Proposition 8 and a new proposition on life
Been thinking about the rules – you know the relationship ones – and I’m somewhat confused by the rules I knew and the ones that exist in a gay relationship. Actually, I’m pretty sure none exist in a gay relationship because they are living outside of convention, so most cherry pick the rules. In your straight people, you’ll find the typecasts of faithful, philanderer, noncommital, jealous, giver, and taker and you find these all in gay relationships too. But there is something unwritten in the gay code, which is the most enlightened part of the lifestyle and that is “we don’t have to do it like they do.”
Which is curious that gays want to marry – DON’T GET ME WRONG THEY SHOULD BE ABLE TO – but that they would want to? Ack – seems to me it would be better to change the law structure that favors marriage and rewrite it so that it makes sense in legal partnerships that there be transfer of assets, community law, and parental obligations rather than a $10,000+ wedding and rings. Sort of like a checklist legal document that asks you how much you want to be legally binded and the ability to leave unchecked the boxes where you don’t.

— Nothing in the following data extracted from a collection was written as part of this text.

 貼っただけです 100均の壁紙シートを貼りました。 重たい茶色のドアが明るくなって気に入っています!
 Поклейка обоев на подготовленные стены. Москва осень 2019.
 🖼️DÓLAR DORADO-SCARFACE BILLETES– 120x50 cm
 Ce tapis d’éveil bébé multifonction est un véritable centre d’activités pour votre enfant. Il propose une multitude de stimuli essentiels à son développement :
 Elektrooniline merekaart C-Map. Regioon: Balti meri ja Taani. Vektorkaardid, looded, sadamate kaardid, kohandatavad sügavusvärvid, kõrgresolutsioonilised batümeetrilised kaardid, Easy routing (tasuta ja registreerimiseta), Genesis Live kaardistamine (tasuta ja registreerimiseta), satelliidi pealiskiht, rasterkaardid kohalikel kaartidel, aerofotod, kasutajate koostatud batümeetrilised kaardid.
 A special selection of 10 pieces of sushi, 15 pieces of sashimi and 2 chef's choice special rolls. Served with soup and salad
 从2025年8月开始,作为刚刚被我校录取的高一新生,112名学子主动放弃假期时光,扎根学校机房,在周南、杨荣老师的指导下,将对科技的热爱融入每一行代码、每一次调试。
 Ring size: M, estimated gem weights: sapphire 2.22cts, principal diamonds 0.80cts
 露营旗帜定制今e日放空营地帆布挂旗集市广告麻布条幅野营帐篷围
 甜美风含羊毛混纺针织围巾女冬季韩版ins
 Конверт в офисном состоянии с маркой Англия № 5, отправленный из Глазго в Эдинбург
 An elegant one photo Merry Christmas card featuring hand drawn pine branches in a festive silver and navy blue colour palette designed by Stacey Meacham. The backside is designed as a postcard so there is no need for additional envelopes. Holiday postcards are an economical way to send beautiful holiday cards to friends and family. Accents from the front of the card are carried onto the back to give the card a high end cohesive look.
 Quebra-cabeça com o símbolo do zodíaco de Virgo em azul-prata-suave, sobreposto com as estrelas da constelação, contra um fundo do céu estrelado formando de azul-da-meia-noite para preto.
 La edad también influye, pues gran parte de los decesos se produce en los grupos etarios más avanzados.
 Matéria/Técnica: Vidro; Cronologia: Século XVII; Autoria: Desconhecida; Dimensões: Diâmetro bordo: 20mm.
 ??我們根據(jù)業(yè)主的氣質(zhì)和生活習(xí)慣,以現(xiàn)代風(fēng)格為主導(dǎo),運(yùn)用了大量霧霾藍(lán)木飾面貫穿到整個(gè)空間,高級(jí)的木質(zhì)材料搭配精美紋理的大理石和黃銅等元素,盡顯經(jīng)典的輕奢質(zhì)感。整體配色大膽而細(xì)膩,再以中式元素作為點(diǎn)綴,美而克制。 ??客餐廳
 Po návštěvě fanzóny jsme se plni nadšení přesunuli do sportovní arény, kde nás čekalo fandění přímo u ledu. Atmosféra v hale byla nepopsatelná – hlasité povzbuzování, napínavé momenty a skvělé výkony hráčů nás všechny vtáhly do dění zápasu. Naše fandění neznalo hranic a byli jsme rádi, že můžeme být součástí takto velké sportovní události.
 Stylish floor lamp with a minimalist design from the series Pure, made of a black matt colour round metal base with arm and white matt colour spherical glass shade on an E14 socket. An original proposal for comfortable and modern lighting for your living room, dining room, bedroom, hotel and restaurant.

Think outside the box is what some will tell you – my gf said it to me one time when I was questioning something I didn’t like – the problem is that the greatest relationships are conceived within a framework – I have found few couples who work without a construct, and I have known a rare few who have successfully designed their own. It’s really the lemmings who adapt to the societal structure and either adhere blindly to the status quo or fail miserably because it’s too rigid.
I refer for the umpteenth time to the sculptor, Louise Nevelson, who said she made her world when the one she was living in didn’t serve her.
And I quote once again the hands-down best fortune to come out of a fortune cookie – the one I got when I arrived in San Francisco in 1990, which said, “A woman who tries to equal man, lacks ambition.”
A couple who won’t create their own charter because they fear the consequences, lacks imagination.